When Joe Gura looks deep in his basketball rearview mirror, he sees the images of Lockport’s Three Amigos. He recalls the fond memories associated with coaching conference champions and playing the role of David vs. Goliath in one of the state’s oldest and most storied holiday tournaments.
Gura has coached basketball at six different high schools in northern and central Illinois—Lockport, Thornton Fractional South, Pontiac, Plainfield North, Kankakee Bishop McNamara and Joliet Catholic Academy. He has played gracious host to the Pontiac Holiday Tournament.
Never has he enjoyed a season more than the one he is experiencing now at JCA. Never has he coached a team with a 1-10 record, either.
JCA is 1-10 heading into back-to-back home games Friday vs. Manteno and Saturday vs. Chicago Longwood. Despite the harsh reality of that record and prevailing conditions outside—dark, dreary—Gura is the picture of Mr. Sunshine in the JCA gymnasium working with his young team.
How young? Gura typically starts a lineup that includes two freshmen—Jalen Jackson and Harry Davis—one sophomore, one junior and one senior. And Gura understands the challenges confronting him go well beyond the norm.
JCA has not climbed above the .500 mark in boys basketball in 30 years.
“It’s why my personality fits this,” Gura said. “I get up every day thinking life is wonderful, whether I owe a bill, whether one of my grandkids has a cold. We’re going to get through it. We’re going to meet the challenges of the day.
“My approach to these kids is love. I love ’em. I say to them, ‘You’re the guys I want. You’re the guys that are going to turn this thing around. You’re the guys that are going to have success.’ And I try to emphasize that every day.”
Gura asks his players, “What did we do to get better?”
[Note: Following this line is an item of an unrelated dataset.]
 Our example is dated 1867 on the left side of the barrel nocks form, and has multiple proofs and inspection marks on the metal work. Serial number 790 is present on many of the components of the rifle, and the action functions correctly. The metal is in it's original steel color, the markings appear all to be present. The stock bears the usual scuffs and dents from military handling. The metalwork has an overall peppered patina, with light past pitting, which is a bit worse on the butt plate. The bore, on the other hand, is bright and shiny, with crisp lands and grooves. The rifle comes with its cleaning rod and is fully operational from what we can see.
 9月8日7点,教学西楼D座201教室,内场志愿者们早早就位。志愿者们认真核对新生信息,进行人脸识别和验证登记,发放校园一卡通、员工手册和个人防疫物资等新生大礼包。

He measures success in far different ways than outsiders who obsess over wins and losses. He asks himself, “Did everybody understand that practice drill?” And he reminds himself to be patient.
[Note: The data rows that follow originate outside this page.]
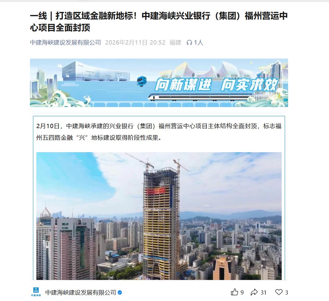 海西房产网(微信公众号:fjhxfcw)消息:据中建海峡建设发展有限公司报道,2月10日,该公司承建的兴业银行(集团)福州营运中心项目主体结构全面封顶,标志福州五四路金融“兴”地标建设取得阶段性成果。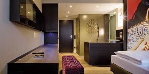 酒店设有117间客房,灯光让充满暗色漩涡的房间呈现出柔和的色调。套房配备的淋浴设施,高雅而简洁,彰显着品质生活。透过大落地窗,可以俯瞰城区,黑白主色调搭配柔和的灯光,大幅壁画让空间增添了一份灵气。吧台的设计人性化,独自喝上一杯,然后温暖入眠,多么惬意。门口的抽象图形,也出现在了磨砂的玻璃门上,起到装饰作用。酒红色的座椅上有花朵造型的图案,与窗帘上的图形、灰紫色的墙面相映成趣。室内没有饱和度很高的颜色,都是温暖妥帖的,试图营造家的感觉。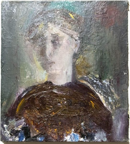 Curator: Up next, we have “Flower Hat,” an expressive oil painting by Ligia Macovei. There isn't a confirmed date, but let's dive into it anyway! Editor: Immediately, I’m struck by the gaze. She seems almost... burdened by the weight of beauty. Or is it just me projecting again? Curator: Not at all. I feel that weight too, maybe in the impasto—those thick, almost sculptural brushstrokes around the hat. All those symbolic flowers… almost like a halo, yet there’s a raw energy fighting with any sense of piety. What do you think that juxtaposition conveys? Editor: Flowers traditionally signal things like innocence, or purity, or beauty, but they can also be reminders of life’s brevity, right? Maybe that’s the conflict. It is like she is carrying the expectation of perpetual bloom on her head, and she knows it can't last. The sadness comes from that awareness. The slight downturn of her lips only seems to accentuate this further. Curator: The artist must be keenly aware of this inherent contradiction, it speaks to the ephemeral nature of these blooms. And you are right about the lips, such subtle melancholy captured with simple means! It's this emotional honesty, so viscerally rendered, that pulls me into the work. Also the cool background helps bring the character to life, by allowing her features to breathe in the artwork. Editor: And those colors chosen for the hat – bright but bordering on fading somehow! I read a certain resignation too; not defeated, but realistic. Perhaps the painting symbolizes someone wise in the hidden language of gardens. Curator: A kind of secret wisdom expressed through the universal symbols of nature... I appreciate how Ligia makes us confront the fleeting nature of everything that blossoms in life. A subtle reminder indeed. Editor: Exactly! A silent sermon about the paradoxes we carry in our human experience, bundled with roses and thorns.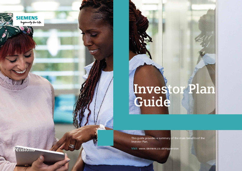 Pensions Investor Plan Guide This guide provides a summary of the main benefits of the Investor Plan. Visit www.siemens.co.uk/mypension #2 Investor Plan Guide What is the Investor Plan Guide? This guide provides a summary of the main benefits of the Investor Plan, however it does not cover every aspect. Full details are contained in the Trust Deed and Rules, which is the legal document governing the Siemens Benefits Scheme, and would override this guide if there are any inconsistencies. This guide is based on the Trustees' understanding of the current tax rules for pension schemes these rules have been subject to much change recently and may change again in the future. Please also note that neither the Trustees, nor Siemens, are able to provide you with financial advice and this guide should not be treated as such. Please see the last page for details of how to get additional help and financial advice. Some of the terms used in this guide are explained in further detail on page 22. Contents 03 Introducing the Investor Plan 04 Key Features 05 Contributions 08 Investments 14 Retirement options 17 Death benefits 19 Change in circumstances 20 Frequently Asked Questions 22 Where to get help #3 Investor Plan Guide Introducing the Investor Plan People are now living longer, healthier lives than ever before, meaning they have the opportunity in retirement to do the things they've always wanted to do. This also means, of course, that they need a comfortable income to be able to afford to live the life they want. As a member of the Investor Plan (the Plan) you can build up retirement savings while you're working at Siemens, to help you live the life you want in retirement. Membership also gives you, and your dependants, financial protection while you're still working. Here's a summary of how the Plan works Joining Most employees automatically join when joining Siemens. Contributing You pay in contributions. Siemens also pays in to your account. Accessing You can currently access your savings from age 55. The normal retirement age is 65. Here's how to activate your account online When joining the Plan, you will receive a letter containing a validation code to activate your account. If you have not received this letter or you joined the Plan some time ago contact Trafalgar House, who will be able to provide you with your activation details. Once you have completed the online activation, as an active member you have the option to access your account using your PKI. Alternatively, if you would like to access your account outside of the Siemens network or you no longer work for Siemens you can access your account using a username and password. For any issues with logging on to your account or for password resets please contact Trafalgar House at www.myworkpension.co.uk/ContactUs. #4 Investor Plan Guide Key Features Contributions · The minimum contribution is 4% from each of the member which is matched by Siemens. · Your contributions are normally deducted before tax and National Insurance. The maximum contribution from Siemens is 10% of your pensionable salary. · You can pay more than 10% of your pensionable salary if you choose (although this won't be matched by Siemens). > More information on page 5 Investments · Your contributions are automatically invested in the default option (Flexi Access Lifestyle) chosen by the Trustees. · The Trustees have designed three Lifestyle approaches to cater for different retirement options. · If you want to choose your own funds, there are 12 Freestyle funds you can invest in. > More information on page 8 Retirement Options · You don't have to stop work to access your pension savings. · You can currently draw money from your fund from age 55. · You can normally take a quarter of your fund as a tax free lump sum. · Pension Freedoms give you far more retirement options than ever before: Flexible Access, Traditional Annuity, Cash Out or a combination. · If you die before accessing your fund, your family and dependants can receive a lump sum (normally paid free of tax) and/or income. > More information on page 14 #5 Investor Plan Guide Key Features Siemens Contributions The minimum Siemens contribution is 4%. However, if you are able to pay more Siemens will pay more, as detailed in the table. Siemens contributes up to 10% of your pensionable salary. From time to time Siemens may agree to pay enhanced contributions to certain members to compensate for changes to their benefits from previous pension arrangements. If this applies to you, contact the Member Services Team for more information. Your Contribution (%) 4 5 6 7 8 9 *10+ (AVCs & EDCs) The Company Contributions (%) 4 7.5 9 10 10 10 10 Total Amount Credited to your Account 8 12.5 15 17 18 19 20 *More information on page 6 Contribution Modeller The My Pension online contribution modeller helps you understand the breakdown of your contributions, how much it costs you and how much your employer will add to your savings. > Open Contribution Modeller Things to consider · How much you should put in depends on what you would like to take out at retirement. When setting a target make sure you factor in pensions from previous jobs. · You can set a target by going to the Investor Plan page, logging in and selecting the `Change Investments' section. · You can also factor in the State Pension, which currently starts between 65 and 68 depending on your age. · Once you have a target, you need to make sure that your chosen contribution is affordable. #6 Investor Plan Guide Contribution considerations How much will I need in retirement? If you are already a member of the Investor Plan, use the Pension Planner tool and the Contribution Modeller to see how your chosen contributions affect your net pay and may impact on your benefits at retirement by visiting the Investor Plan page of the My Pension website then logging in. Then you can factor in your pensions benefits from outside the Siemens Benefit Scheme: Get a Sta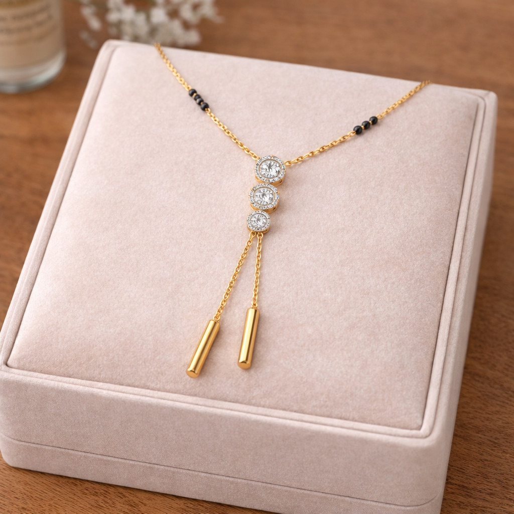 Redefine tradition with this Gold Diamond Drop Mangalsutra Necklace, crafted for the modern woman who values elegance with meaning. The design showcases three diamond-studded circular motifs arranged vertically, creating a refined focal point.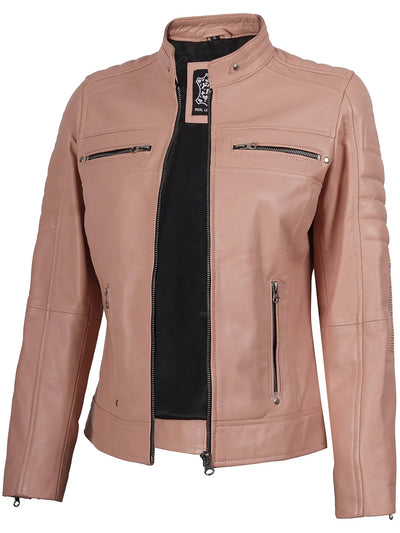 Austin Womens Pink Cafe Racer Style Leather Jacket
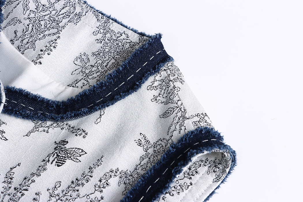 Autumn Chinese Jacquard Embroidery Stitching Denim Covered round Neck Vest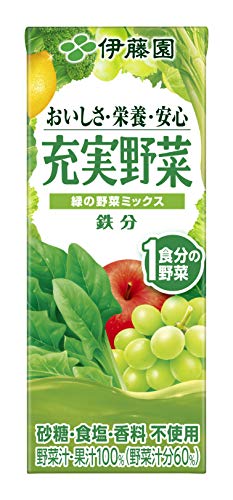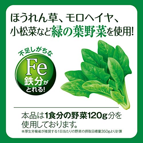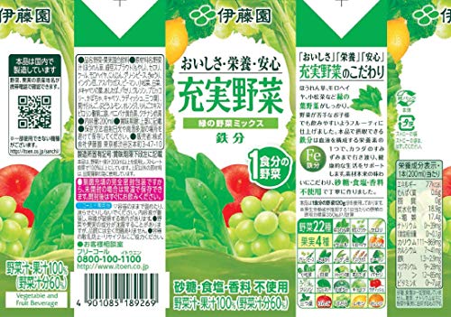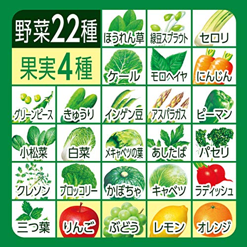 原材料:野菜汁(ほうれん草、緑豆スプラウト(もやし)、セロリ、ケール、モロヘイヤ、にんじん、グリーンピース、きゅうり、インゲン豆、アスパラガス、ピーマン、小松菜、白菜、メキャベツの葉、あしたば、パセリ、クレソン、ブロッコリー、かぼちゃ、キャベツ、ラディッシュ、三つ葉)、果汁(りんご、ぶどう、レモン、オレンジ)、りんごエキス/ピロリン酸第二鉄、ベニバナ黄色素、クチナシ色素

Gura started the season by teaching the basics to his JCA diaper dandies—one offense, one defense. He has watched his players develop to the point where now, after 11 games, they are comfortable employing three different defenses, running three different man-to-man offensive sets, a zone package and a press-breaker.
His mantra—more than ever—has been one of encourage, rather than discourage.
“I recall something that Coach (Bob) Knight said in 1977—my first year at Lockport,” Gura said. “I was at a clinic. He was the speaker. And he said, ‘You’re not coaching against your opponent. During a game, what you’re coaching for is how your kids perform. Is your team performing what you want?'
“Who you play and what they play will take care of itself. Never were Coach Knight’s words truer than this year. Because I have to concentrate on what my kids are doing. I don’t show them the films of other teams. I show them the films of us and what we did and what we didn’t do.”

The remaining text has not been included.